I’m back in El Salvador for a couple of weeks. I’m here volunteering to assist principal investigator Oliver Komar with data processing of the Golden-cheeked Warbler data that I and others collected on the wintering grounds in Central America these past three winters.

In other words, office time. These days I don’t spend as much time in an office environment as I used to, but two weeks is totally fine for me. Plus, I get to do more birding in El Salvador in between.

Like yesterday, when Oliver, his wife Lorena and his daughter Yvonne and myself went to Playa Las Hojas, an estuary near the airport. Other SalvaNatura staff members Roselvy, Oscar and Lety joined us, to look for a rare gull photographed at this location two weeks earlier.

The gull was a dark-mantled, yellow-legged gull, most likely a Yellow-footed Gull. I saw photos of this bird a couple of weeks ago, and was keen on seeing it in the wild.

Well, we found a large concentration of shorebirds, herons, terns and gulls – Laughing Gulls – but no larger gull species among them.

Black-necked Stilts were quite numerous at this site. I think we saw more than a hundred. This bird came close enough for a photo.

Probably the most interesting sightings were of several single sulids, one of which appeared briefly – and barely – within the range of my camera. These photos are so heavily cropped that you can almost count the individual pixels, but all the same I think it should be possible to determine the species based on these photos. Shall we? (Please click on the photos for larger views.)

Let’s first determine the age of the bird, and review the possibilities. The bird in this photo appears to be an immature bird, although we should probably include adult Blue-footed Booby as a possibility. That’s a bird whose adult plumage isn’t as clean-cut as that of the other sulids. However, we can eliminate it on the basis of the dark head: an adult bluefoot would have a whitish head. Our bird has a mostly dark head, with mostly dark underwings but lighter underwing coverts. The tail on our bird is light, and there seems to be a bit of a light collar visible on the neck.

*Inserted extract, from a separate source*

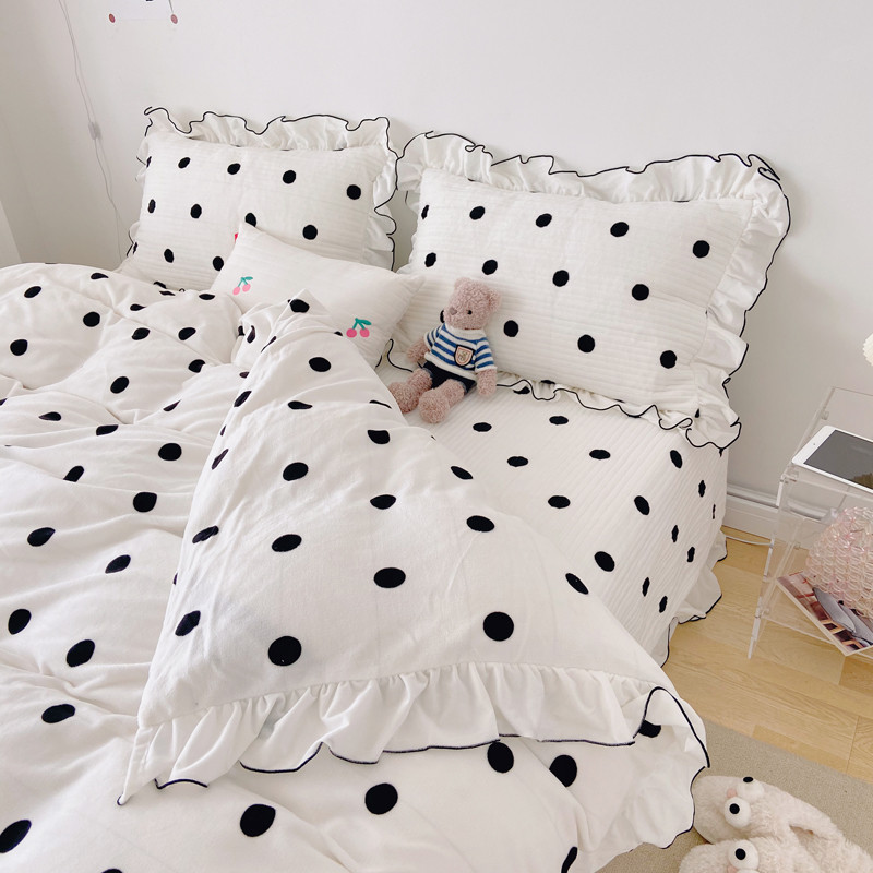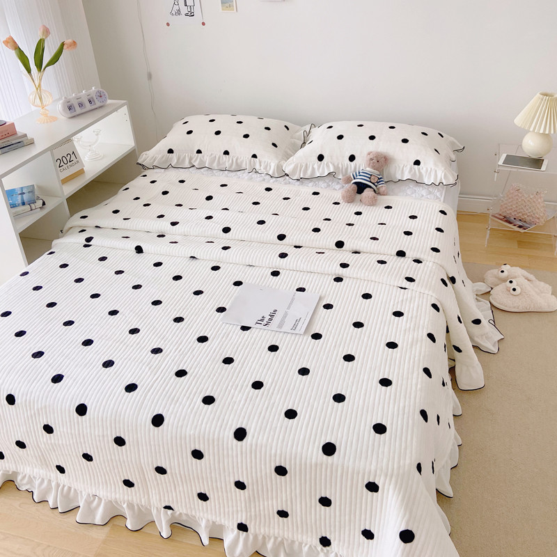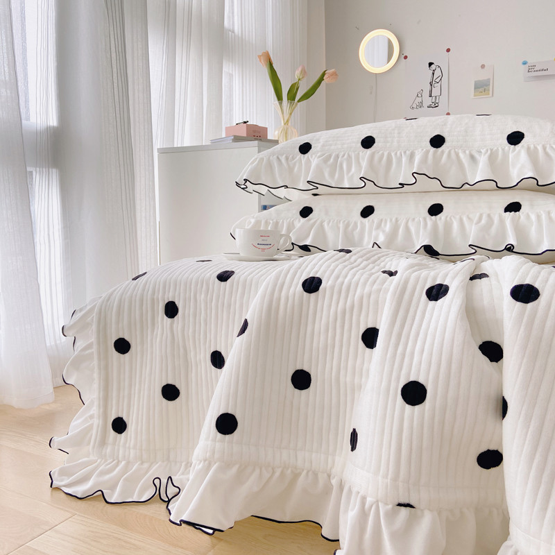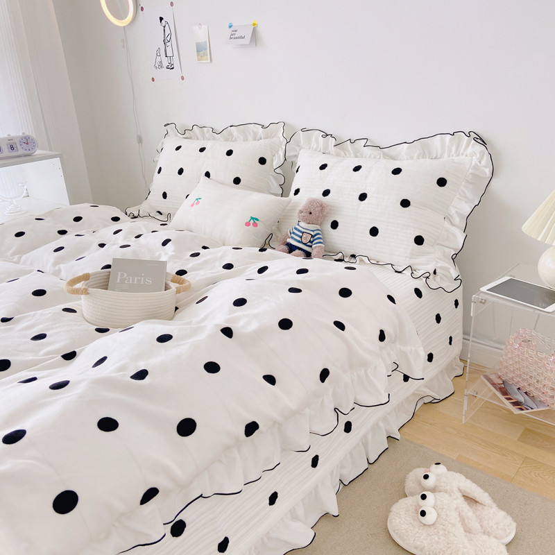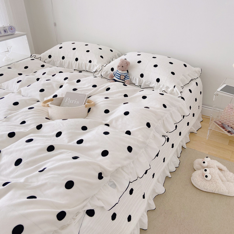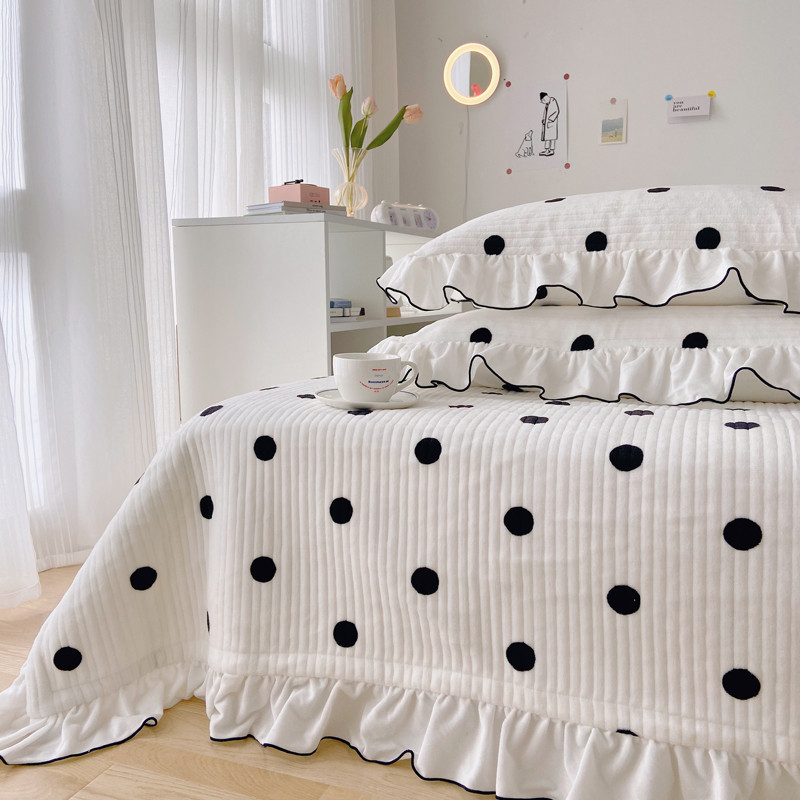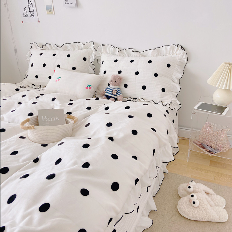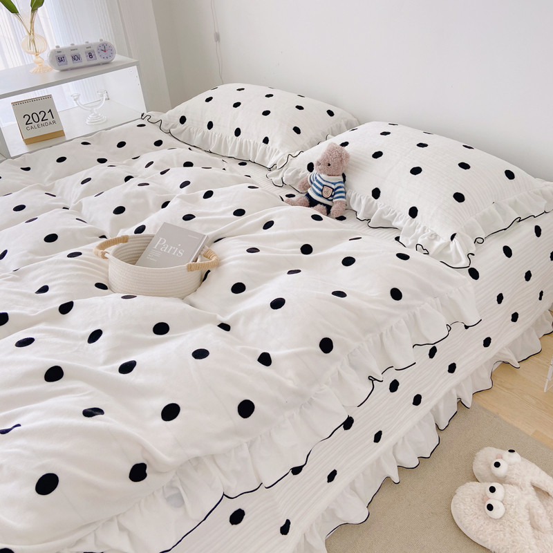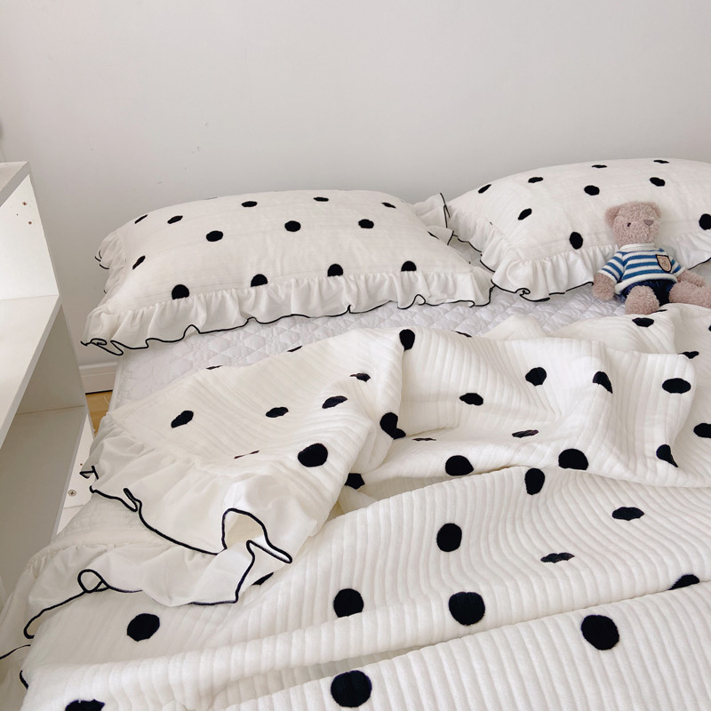 漫调 2021新款ins风波点黑白系列小清新牛奶绒床盖四件套 经典波点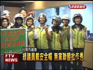 臺南市民進黨議員帶安全帽議事。圖片來源:臺灣民事新聞臺

Brown Booby is a candidate, but it can be eliminated on the basis of the upperside: both adult and immature Brown Boobies have all-dark uppersides, including dark tails. Masked Booby can be eliminated on the tail pattern; it has a light rump but a dark tail. Our bird has a light tail. Red-footed Booby, another candidate, has all-dark underwing coverts, which our bird does not show.

Overall, the bird that fits much better is immature Blue-footed Booby. It is a large sulid, often seen from land. It has a mostly dark underwing, with light underwing coverts. It has a pale tail.

We saw three individuals in total, the other two even further away than this one. We were unable to identify them in the field, but the other two may have been the same species.